Sports

MLBPA fires back at MLB owners after latest labor proposal

The right for professional athletes to collectively bargain is enshrined in the National Labor Relations Act and underpins what makes pro sports so lucrative for modern players.

Rich people have owned professional sports teams for over a century, but it has only been in the last 50 years that sports have seen labor breakthroughs such as revenue sharing between teams and players, free agency, safety standards, and improved health benefits. And those benefits were won through hard-fought labor strife.

The current collective bargaining agreement between MLB and the MLB Players Association expires at the end of the 2026 season. Fans have been whispering about a potential lockout for the last few years, as mega contracts like those signed by Shohei Ohtani, Juan Soto, and Vladimir Guerrero seemed untenable for the sport.

The biggest harbinger of the coming labor strife is undoubtedly the Los Angeles Dodgers.

Always one of the bigger spenders in the league, over the past two seasons, the team's payroll has skyrocketed. The Dodgers are spending $395.8 million on active roster spots in 2026. With the competitive balance tax that penalizes teams that exceed a certain payroll limit, LA will spend $415.2 million this season on player payroll and taxes.

That's up from $321 million in 2025 and $220 million in 2024.

But they aren't the only ones. The Mets and Yankees are also writing big checks, spending $367.9 million and $325.4 million on player payroll this year.

The top-5 teams in the league combined are spending $1.7 billion on player salaries this year.

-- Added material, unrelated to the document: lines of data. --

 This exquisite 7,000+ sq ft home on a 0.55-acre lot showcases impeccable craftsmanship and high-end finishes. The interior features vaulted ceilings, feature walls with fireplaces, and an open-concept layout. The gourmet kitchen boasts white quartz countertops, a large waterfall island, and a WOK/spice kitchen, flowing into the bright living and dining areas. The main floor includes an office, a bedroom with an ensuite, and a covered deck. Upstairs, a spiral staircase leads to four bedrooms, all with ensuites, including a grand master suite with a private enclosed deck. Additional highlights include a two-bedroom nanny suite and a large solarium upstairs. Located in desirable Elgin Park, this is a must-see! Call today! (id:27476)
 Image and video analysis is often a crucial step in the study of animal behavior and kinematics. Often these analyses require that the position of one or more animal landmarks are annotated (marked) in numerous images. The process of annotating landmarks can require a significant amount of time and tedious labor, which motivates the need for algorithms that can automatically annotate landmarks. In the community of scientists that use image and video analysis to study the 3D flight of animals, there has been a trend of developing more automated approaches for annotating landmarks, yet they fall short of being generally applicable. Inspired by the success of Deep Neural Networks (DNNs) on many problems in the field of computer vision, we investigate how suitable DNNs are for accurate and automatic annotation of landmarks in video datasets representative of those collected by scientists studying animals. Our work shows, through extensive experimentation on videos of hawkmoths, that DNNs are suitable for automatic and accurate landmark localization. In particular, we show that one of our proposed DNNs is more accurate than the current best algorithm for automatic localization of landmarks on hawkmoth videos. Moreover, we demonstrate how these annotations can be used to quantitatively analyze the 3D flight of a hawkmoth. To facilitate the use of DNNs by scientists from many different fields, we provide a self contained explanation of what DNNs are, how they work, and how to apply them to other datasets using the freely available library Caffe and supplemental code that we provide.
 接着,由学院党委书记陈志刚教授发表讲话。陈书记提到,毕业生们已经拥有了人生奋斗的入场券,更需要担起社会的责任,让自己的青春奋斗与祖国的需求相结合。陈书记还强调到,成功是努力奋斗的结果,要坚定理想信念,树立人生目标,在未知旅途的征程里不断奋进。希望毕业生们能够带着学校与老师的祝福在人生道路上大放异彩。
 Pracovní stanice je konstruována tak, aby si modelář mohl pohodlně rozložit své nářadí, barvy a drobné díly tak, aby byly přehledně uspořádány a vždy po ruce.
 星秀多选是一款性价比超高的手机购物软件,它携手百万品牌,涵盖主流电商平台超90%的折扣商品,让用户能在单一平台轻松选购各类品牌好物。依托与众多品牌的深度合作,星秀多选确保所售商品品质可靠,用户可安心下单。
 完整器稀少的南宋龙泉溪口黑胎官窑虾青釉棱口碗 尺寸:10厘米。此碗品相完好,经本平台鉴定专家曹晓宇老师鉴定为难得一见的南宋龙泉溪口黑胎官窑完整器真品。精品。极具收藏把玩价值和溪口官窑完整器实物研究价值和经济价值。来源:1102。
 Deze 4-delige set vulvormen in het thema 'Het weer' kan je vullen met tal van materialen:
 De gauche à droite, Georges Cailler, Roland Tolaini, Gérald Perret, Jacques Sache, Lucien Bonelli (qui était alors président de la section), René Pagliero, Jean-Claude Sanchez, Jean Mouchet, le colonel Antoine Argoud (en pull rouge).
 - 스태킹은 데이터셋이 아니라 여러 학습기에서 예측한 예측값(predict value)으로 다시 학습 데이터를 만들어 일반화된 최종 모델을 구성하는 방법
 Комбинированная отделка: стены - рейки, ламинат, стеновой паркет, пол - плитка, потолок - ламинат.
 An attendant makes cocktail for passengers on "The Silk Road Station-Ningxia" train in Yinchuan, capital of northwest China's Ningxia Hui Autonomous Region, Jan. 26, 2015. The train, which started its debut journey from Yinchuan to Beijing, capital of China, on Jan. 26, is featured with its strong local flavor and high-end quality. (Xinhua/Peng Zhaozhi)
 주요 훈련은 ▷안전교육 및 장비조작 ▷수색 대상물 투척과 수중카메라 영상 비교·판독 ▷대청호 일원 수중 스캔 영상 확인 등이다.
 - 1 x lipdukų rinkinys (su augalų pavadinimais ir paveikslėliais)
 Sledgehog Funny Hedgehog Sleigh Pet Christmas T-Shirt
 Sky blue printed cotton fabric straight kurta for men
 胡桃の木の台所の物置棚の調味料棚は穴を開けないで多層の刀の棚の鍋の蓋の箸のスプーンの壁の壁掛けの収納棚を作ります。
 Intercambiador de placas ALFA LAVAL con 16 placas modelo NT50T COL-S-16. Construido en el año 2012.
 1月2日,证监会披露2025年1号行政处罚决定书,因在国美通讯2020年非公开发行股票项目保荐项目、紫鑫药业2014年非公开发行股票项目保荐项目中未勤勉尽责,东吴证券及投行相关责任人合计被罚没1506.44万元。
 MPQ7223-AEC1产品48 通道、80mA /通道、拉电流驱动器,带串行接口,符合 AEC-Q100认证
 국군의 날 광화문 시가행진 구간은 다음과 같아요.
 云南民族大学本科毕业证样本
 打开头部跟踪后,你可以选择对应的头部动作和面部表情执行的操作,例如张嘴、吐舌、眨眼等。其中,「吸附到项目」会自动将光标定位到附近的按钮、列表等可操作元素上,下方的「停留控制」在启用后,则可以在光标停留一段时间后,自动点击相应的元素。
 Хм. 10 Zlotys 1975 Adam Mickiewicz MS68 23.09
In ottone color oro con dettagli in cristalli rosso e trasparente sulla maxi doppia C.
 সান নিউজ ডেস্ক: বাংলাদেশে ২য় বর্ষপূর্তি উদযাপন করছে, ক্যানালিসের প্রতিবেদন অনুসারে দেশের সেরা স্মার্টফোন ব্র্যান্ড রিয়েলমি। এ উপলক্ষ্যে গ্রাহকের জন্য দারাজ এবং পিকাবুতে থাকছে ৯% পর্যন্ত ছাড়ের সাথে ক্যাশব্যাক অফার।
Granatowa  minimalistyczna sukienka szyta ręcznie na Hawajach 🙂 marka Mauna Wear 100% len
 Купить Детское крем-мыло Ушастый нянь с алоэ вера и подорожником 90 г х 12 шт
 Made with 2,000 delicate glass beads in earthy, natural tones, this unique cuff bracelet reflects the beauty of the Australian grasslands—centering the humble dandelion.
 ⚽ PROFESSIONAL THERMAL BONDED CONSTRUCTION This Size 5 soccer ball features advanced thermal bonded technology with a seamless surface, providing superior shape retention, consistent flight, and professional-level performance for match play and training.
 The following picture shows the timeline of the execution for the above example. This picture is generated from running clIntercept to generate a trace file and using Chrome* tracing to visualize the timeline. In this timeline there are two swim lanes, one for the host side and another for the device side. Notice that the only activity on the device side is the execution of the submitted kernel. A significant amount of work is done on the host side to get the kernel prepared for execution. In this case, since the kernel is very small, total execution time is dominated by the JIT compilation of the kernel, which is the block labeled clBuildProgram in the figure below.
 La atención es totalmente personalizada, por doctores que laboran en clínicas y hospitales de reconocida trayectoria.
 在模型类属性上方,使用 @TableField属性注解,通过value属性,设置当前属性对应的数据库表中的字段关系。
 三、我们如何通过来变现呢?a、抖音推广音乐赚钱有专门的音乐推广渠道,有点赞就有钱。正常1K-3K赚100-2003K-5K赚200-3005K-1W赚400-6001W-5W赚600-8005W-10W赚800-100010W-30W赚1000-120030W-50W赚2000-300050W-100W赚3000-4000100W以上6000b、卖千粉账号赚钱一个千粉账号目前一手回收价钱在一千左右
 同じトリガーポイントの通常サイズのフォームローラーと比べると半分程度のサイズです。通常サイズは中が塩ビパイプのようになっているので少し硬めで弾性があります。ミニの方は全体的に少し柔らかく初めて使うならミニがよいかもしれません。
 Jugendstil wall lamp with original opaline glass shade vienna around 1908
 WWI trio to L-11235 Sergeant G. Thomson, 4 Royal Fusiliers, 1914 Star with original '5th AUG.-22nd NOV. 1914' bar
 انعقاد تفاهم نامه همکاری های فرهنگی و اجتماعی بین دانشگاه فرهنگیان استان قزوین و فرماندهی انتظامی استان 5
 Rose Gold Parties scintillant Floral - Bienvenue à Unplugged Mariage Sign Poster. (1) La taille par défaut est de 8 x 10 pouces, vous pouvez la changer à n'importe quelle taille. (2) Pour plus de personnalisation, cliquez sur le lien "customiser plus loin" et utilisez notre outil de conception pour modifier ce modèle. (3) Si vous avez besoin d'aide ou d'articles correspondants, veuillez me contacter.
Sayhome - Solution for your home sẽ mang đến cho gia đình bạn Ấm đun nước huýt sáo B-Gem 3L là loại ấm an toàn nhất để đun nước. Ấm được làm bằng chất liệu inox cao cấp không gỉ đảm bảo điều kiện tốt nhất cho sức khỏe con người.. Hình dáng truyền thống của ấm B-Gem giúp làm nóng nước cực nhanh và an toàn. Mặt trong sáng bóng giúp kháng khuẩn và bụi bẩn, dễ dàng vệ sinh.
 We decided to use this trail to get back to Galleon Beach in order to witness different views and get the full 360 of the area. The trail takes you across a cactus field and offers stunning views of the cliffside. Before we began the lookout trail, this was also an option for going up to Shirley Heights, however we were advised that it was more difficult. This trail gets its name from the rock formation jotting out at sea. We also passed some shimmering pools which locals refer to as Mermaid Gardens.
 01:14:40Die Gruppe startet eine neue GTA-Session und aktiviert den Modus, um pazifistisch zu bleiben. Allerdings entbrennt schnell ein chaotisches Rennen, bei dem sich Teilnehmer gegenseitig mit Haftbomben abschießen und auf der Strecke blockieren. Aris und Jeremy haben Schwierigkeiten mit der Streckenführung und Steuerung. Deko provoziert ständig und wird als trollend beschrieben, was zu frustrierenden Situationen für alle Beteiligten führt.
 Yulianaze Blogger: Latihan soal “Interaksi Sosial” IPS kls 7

The bottom-15 teams are collectively spending $1.9 billion. That type of disparity has led the majority of fans to feel that if you aren't the Dodgers, Yankees, or a handful of other teams, your team has no chance of competing, much less winning it all.

The thing is, there is no doubt in my mind that the owners broke the system on purpose. Some of the free agent signings we have seen in recent years to get to these bloated payrolls haven't made financial or baseball sense, yet teams are handing out 10 and 15-year contracts to players they will be paying $30 million and $40 million annually to when they are in their late 30s and early 40s.

The Dodgers had a reasonable payroll as recently as 2024 when they spent $220.6 million, good enough for eighth in the league. But over the last two seasons, after signing Shohei Ohtani to what was the richest sports contract in North American history at the time, the Dodgers have been on a mission to outspend for every available free agent contract.

 Baseball stadiums could be sitting empty by this time next year.
Baseball stadiums could be sitting empty by this time next year. Photo by Joe Hendrickson on Getty Images

MLB pitches salary cap/floor, MLBPA fouls it off

Despite the eye-popping contract numbers from the Ohtanis and Sotos of the baseball world, the majority of free agents are getting the short end of the stick.

So the league offered a solution this week.

The players get a salary floor, requiring teams to spend at least $171.2 million on payroll, along with related expenses like pension contributions and health insurance, while the owners get a salary cap of $245.3 million. Perhaps even more enticingly, the league is offering a 50-50 split of all revenue with the players.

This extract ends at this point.